2D-ROESY: the interactions were studied by two-dimensional Rotating frame Overhauser experiments (2DROESY), with spinlock for mixing phase sensitive, using 180 × 180-x pulses for polarization transfer. The spectra were measured with a relaxation delay of 2 s, p 15 pulse for ROESY spinlock of 20 ms and 14, spinlock loop,. Before Fourier transformation, the matrix was zero filled to 4096 (F2) by 2048 (F1) and Gaussian apodization functions were applied in both dimensions. Samples had a 1:1 mixture of IBP and MDs (MD17 and MD19, respectively) in D2O, and the concentration of each component was 15 mM.
2.4. Preparation of the Complexes
The preparation of the solid IBP-MD complexes with a 1:1 molar ratio was performed by the freeze-drying method. Appropriate amounts of each component were suspended in water and sonicated at 25.0˚C ± 0.1˚C constant water temperature until the drug was completely dissolved. Solutions were frozen at −40˚C for 24 h to ensure complete solidification before freeze-drying was started (Freeze Dye 4.5 Labconco corp., Kansas City, MI).

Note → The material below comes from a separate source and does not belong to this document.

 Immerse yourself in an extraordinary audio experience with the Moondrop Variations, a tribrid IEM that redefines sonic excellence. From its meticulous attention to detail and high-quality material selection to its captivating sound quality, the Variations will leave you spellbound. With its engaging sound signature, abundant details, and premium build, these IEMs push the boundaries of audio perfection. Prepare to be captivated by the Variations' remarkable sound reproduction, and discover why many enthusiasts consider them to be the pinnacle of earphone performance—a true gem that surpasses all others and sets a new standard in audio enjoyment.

Physical mixtures were prepared by mixing the corresponding components uniformly in a mortar at a 1:1 molar ratio.
2.5. Differential Scanning Calorimetry (DSC) and Thermogravimetric Analysis (TGA)
The DSC curves of the samples were obtained with a DSC TA 2920, and the TGA curves were recorded on a TG TA 2920. The samples were placed in aluminium hermetic pans, and the experiments were carried out under nitrogen gas flow at a heating rate of 10˚C/min and temperature range of 25˚C - 350˚C. Data were obtained and processed using the TA Instruments Universal Analysis 2000 software.

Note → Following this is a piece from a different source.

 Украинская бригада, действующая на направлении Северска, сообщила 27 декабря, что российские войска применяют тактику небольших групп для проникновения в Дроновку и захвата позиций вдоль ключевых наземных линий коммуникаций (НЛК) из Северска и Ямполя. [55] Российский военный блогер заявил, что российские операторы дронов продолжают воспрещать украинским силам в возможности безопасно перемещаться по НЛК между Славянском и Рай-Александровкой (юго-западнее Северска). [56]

2.6. Fourier Transform-Infrared Spectroscopy (FT-IR)
The FT-IR spectra were recorded on a Nicolet 5 SXC FT-IR Spectrophotometer (Madison, WI, USA), and potassium bromide disks were obtained by compressing the powder.

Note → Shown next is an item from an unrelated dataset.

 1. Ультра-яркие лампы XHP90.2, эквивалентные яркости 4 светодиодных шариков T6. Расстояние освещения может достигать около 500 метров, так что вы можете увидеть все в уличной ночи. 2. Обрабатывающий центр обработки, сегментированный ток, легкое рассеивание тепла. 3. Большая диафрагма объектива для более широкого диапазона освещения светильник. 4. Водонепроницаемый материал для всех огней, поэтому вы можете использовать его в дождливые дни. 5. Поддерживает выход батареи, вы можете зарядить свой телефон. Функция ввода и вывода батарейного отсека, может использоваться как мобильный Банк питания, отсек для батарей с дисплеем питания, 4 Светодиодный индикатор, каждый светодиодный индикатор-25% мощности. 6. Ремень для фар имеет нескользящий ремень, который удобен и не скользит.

2.7. Scanning Electron Microscopy (SEM)
The shape and surface characteristics of the raw materials, the binary complexes and the physical mixtures were investigated and photographed using a scanning electron microscope LEO Model EVO 40XVP. The samples were fixed on a brass stub using double-sided aluminium tape. To improve the conductivity, samples were gold-coated under vacuum employing a sputter coater PELCO Model 3. The magnification selected was sufficient to be able to appreciate in detail the general morphology of the samples under study.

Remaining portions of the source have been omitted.